Similarly, a Java boolean array uses an entire byte for each value in order to allow operating on individual values directly. You can reduce the data size by a factor of 8 if you use actual bits, but then access to individual values becomes much more complex, requiring bit shift and mask operations (the BitSet class does this for you). However, due to cache effects, this can still be considerably faster than using a boolean[] when the array is large. IIRC I once achieved a speedup by a factor of 2 or 3 this way.
The most effective data structure for a cache is an array. Caches work best, if your data structure is laid out sequentially as CPUs read entire cache lines (usually 32 bytes or more) at once from main memory.
Any algorithm which accesses memory in random order trashes the caches because it always needs new cache lines to accomodate the randomly accessed memory. On the other hand an algorithm, which runs sequentially through an array is best because:
It gives the CPU a chance to read-ahead, e.g. speculatively put more memory into the cache, which will be accessed later. This read-ahead gives a huge performance boost.
Running a tight loop over a large array also allows the CPU to cache the code executing in the loop and in most cases allows you to execute an algorithm entirely from cache memory without having to block for external memory access.
One example I saw used in a game engine was to move data out of objects and into their own arrays. A game object that was subject to physics might have a lot of other data attached to it as well. But during the physics update loop all the engine cared about was data about position, speed, mass, bounding box, etc. So all of that was placed into its own arrays and optimized as much as possible for SSE.

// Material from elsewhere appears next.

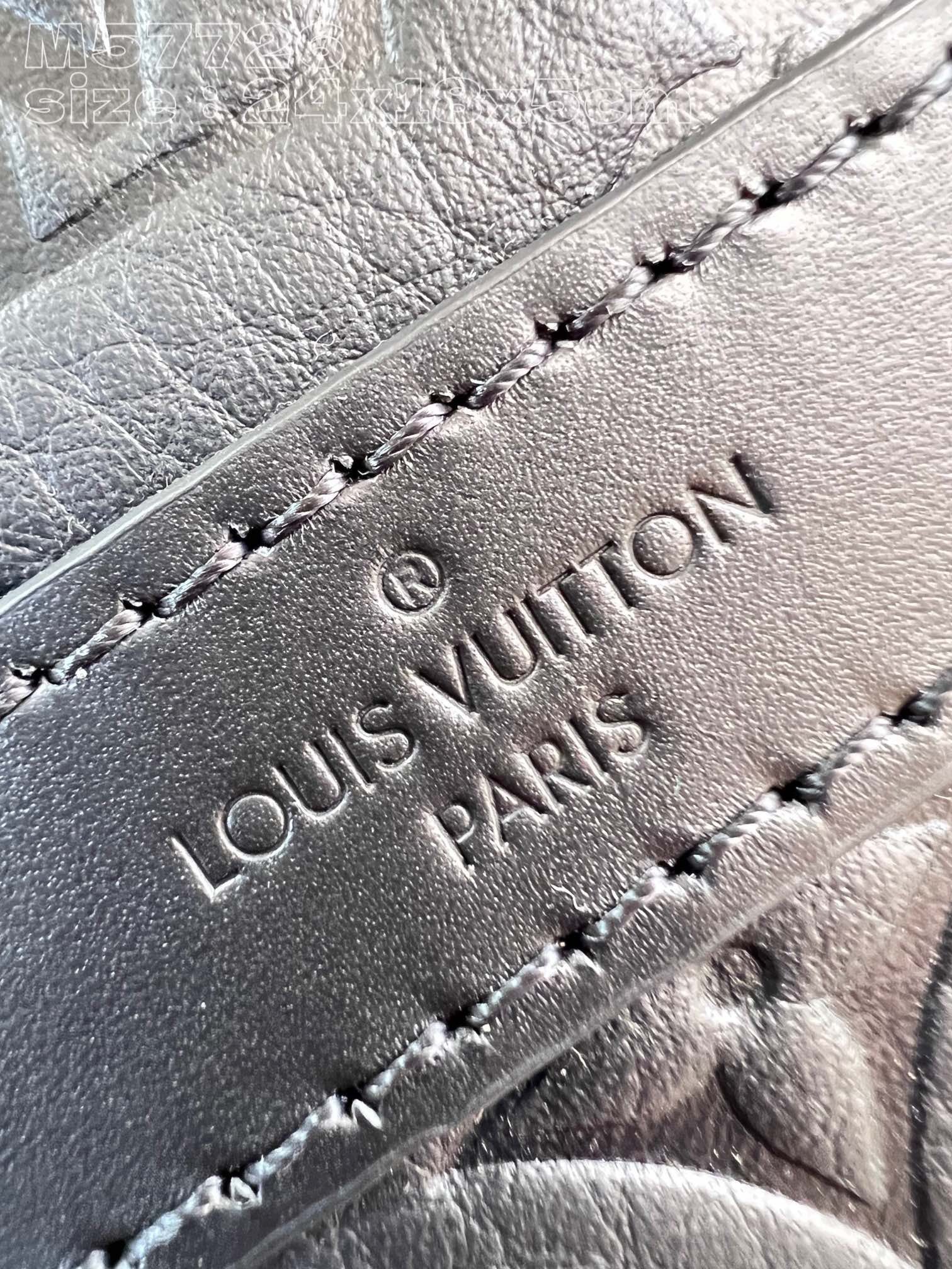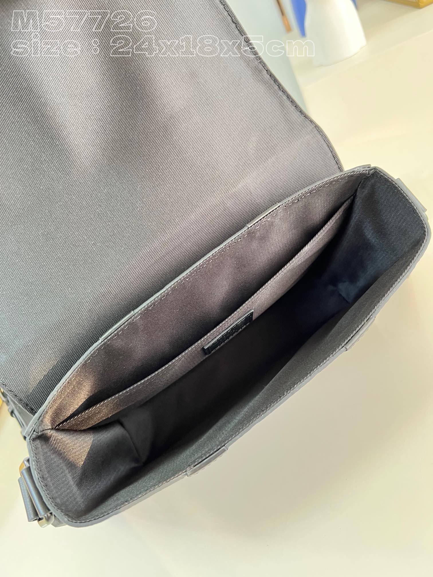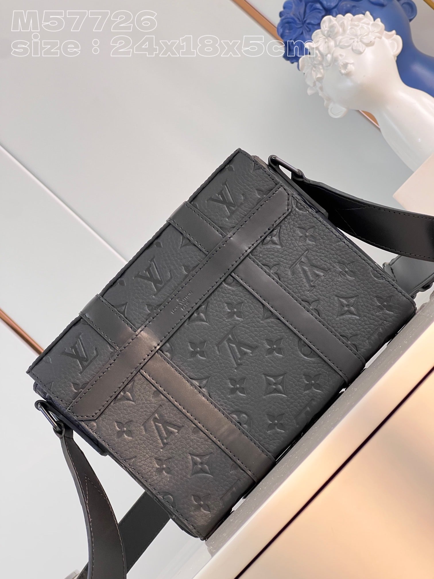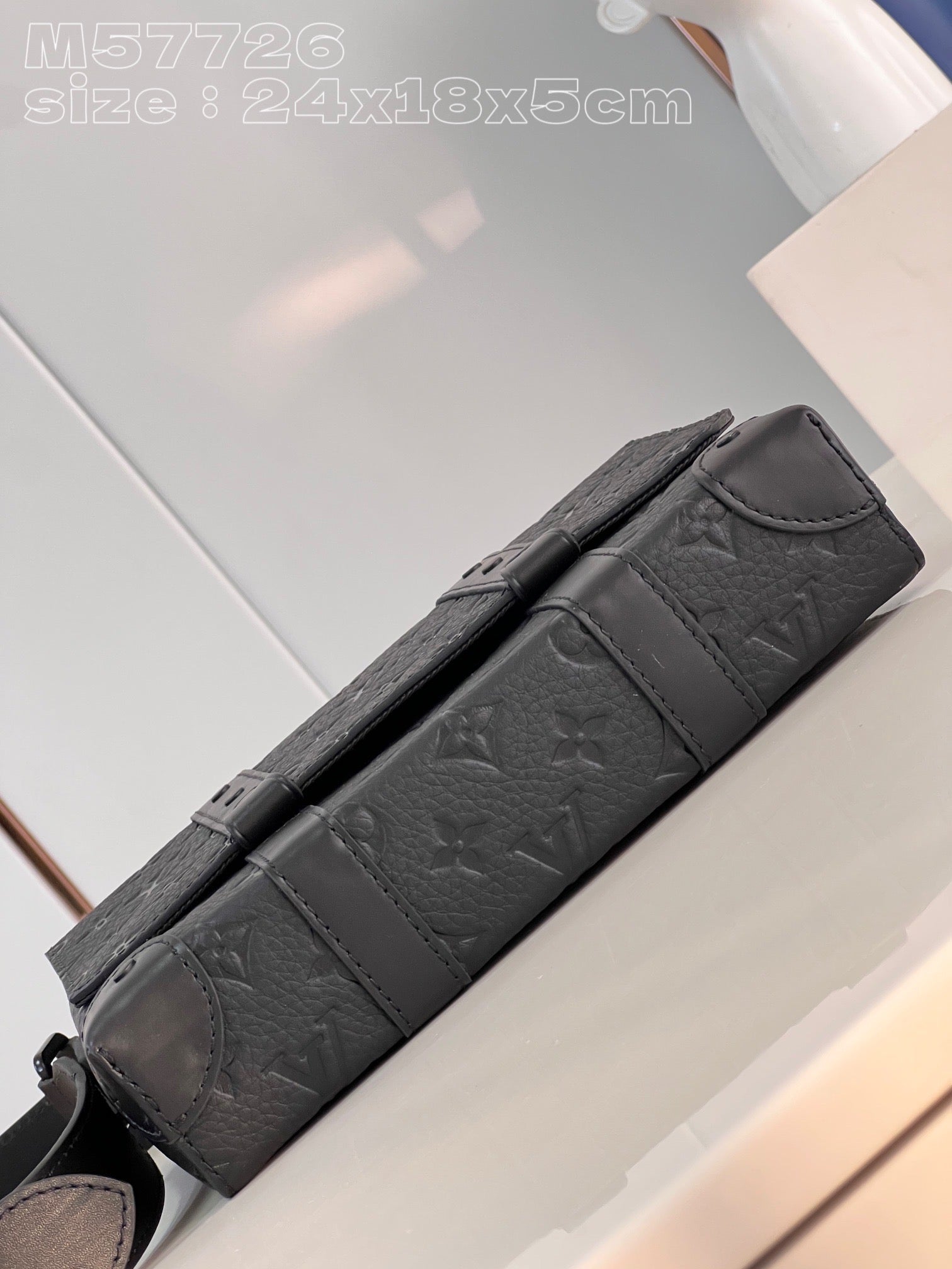 The Trunk Messenger is a small rectangular bag made from Monogram-embossed Taurillon leather and finished with matte-black rivets and reinforced black-leather corners, inspired by those on Louis Vuitton’s iconic trunks. It features a strap not adjustable or removeable and numerous pockets, inside and out, to keep things organized and accessible.

So during the physics loop the physics data was processed in array order using vector math. The game objects used their object ID as the index into the various arrays. It was not a pointer because pointers could become invalidated if the arrays had to be relocated.
In many ways this violated object-oriented design patterns but it made the code a lot faster by placing data close together that needed to be operated on in the same loops.
This example is probably out of date because I expect most modern games use a prebuilt physics engine like Havok.
A remark to the "classic example" by user 1800 INFORMATION (too long for a comment)
I wanted to check the time differences for two iteration orders ( "outter" and "inner"), so I made a simple experiment with a large 2D array:
measure::start();
for ( int y = 0; y < N; ++y )
for ( int x = 0; x < N; ++x )
sum += A[ x + y*N ];
measure::stop();
and the second case with the for loops swapped.
The slower version ("x first") was 0.88sec and the faster one, was 0.06sec. That's the power of caching :)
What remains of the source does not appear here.